Sleeping Baby Trapped in a Hot Car
What do you do if you see a child trapped in a car on a hot day?
Feb. 2, 2009— -- Imagine walking down a busy street and suddenly hearing a cry coming from a parked car. When you look closer, you spot a baby in the backseat and notice that all the windows are closed. It's a hot summer day and the parents are nowhere to be found.
What do you do?
Tragically, every year almost 40 children die from hyperthermia after being left alone in a hot car. But many more kids are saved when strangers come to their rescue. ABC's "What Would You Do?" wanted to see what ordinary people would do if they came upon a baby left alone in the backseat on a hot summer day.
For our ABC News experiment we parked a car on a busy suburban street for two days. Inside, we left a lifelike doll called a "reborn," made to look like a newborn infant. The doll's battery-operated breathing mechanism made it all the more convincing.

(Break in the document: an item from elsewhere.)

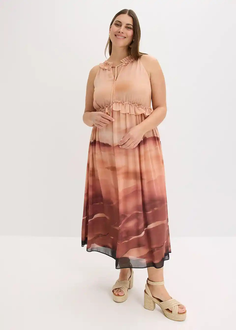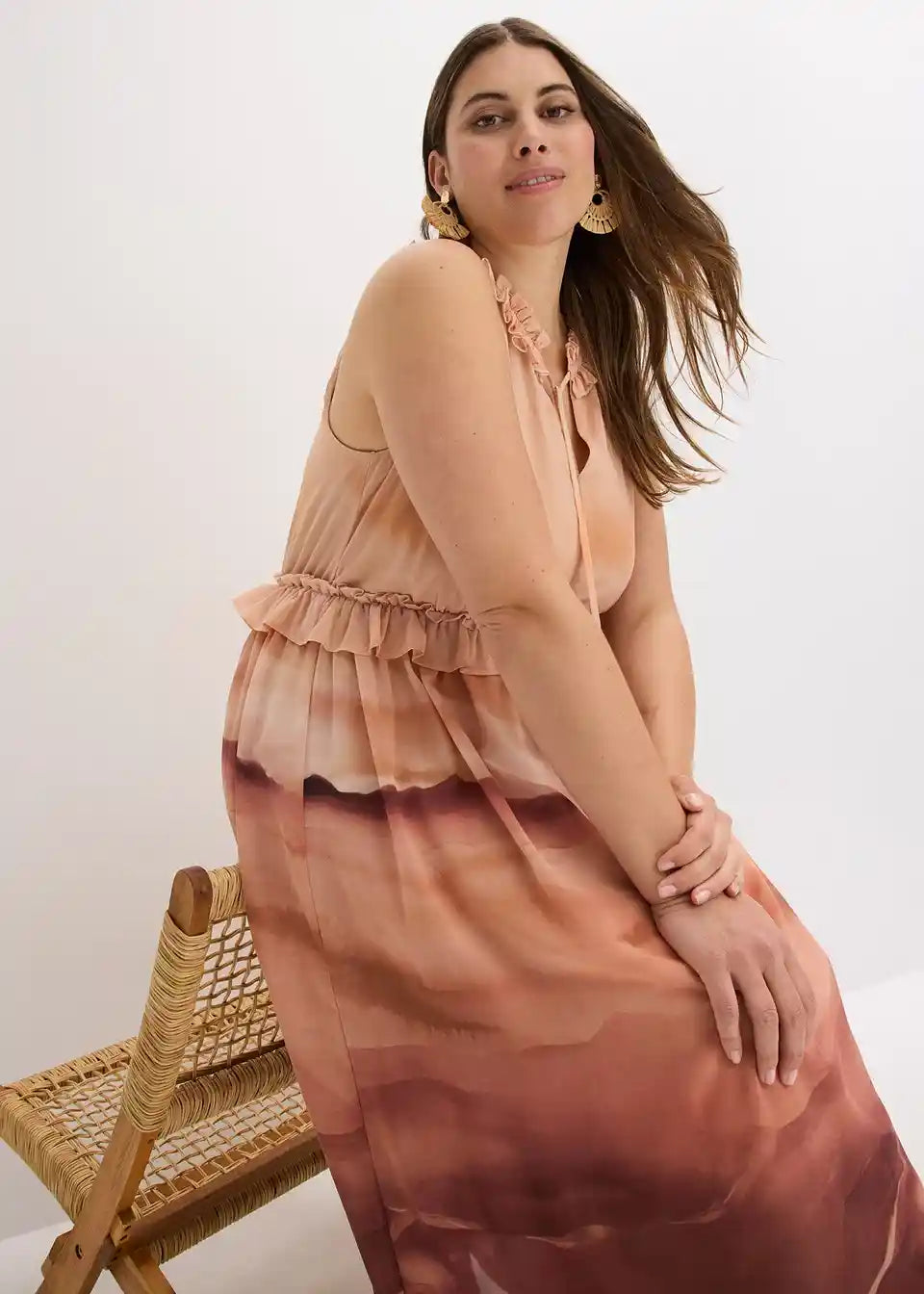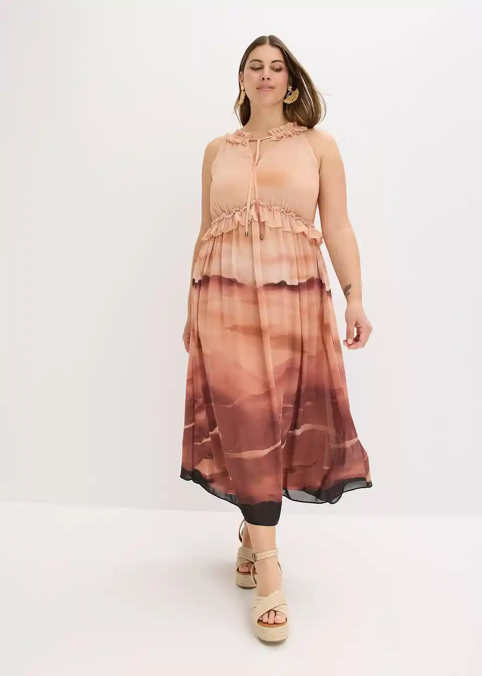 moderna printana Chiffon haljina midi dužine s detaljima volana na izrezu i u struku

We hired an actress to play the baby's mother and, with the help of a dozen surveillance cameras, watched the action from a nearby building. Janette Fennell, president of Kids and Cars, a group that promotes car safety for children, watched as the footage unfolded.
What we learned both surprised and alarmed us.
Initially we left the baby in the car with the windows rolled up. To someone passing by, it looked as if the child were sleeping. We sat and waited for more than half an hour, but nobody seemed to notice the baby in the backseat. According to Fennell, almost 50 percent of kids who are left in cars by accident are usually forgotten by their caretakers while asleep. The only hope for these kids is if a stranger notices them inside. But during the first part of our experiment, nobody seemed to look inside our car, and the baby went unnoticed.
We decided it was time for our baby to attract some attention. We placed a small speaker in the front seat of the car, propped open the sunroof and played the sound of a newborn wailing as people passed by. We were surprised to see that many were still oblivious. People seemed too busy to notice, many listening to their iPods or using their cell phones. Meanwhile, our car was getting hotter and hotter.
Before the experiment, we installed a thermometer to measure the temperature inside our vehicle. Although the temperature outside didn't rise much above 80 degrees, our car heated up to almost 120 degrees.
"It doesn't have to be hot outside for a child to die in a car," said Jan Null, professor of Meteorology at San Francisco State University. "Last year a child died in a car when it was 66 degrees outside."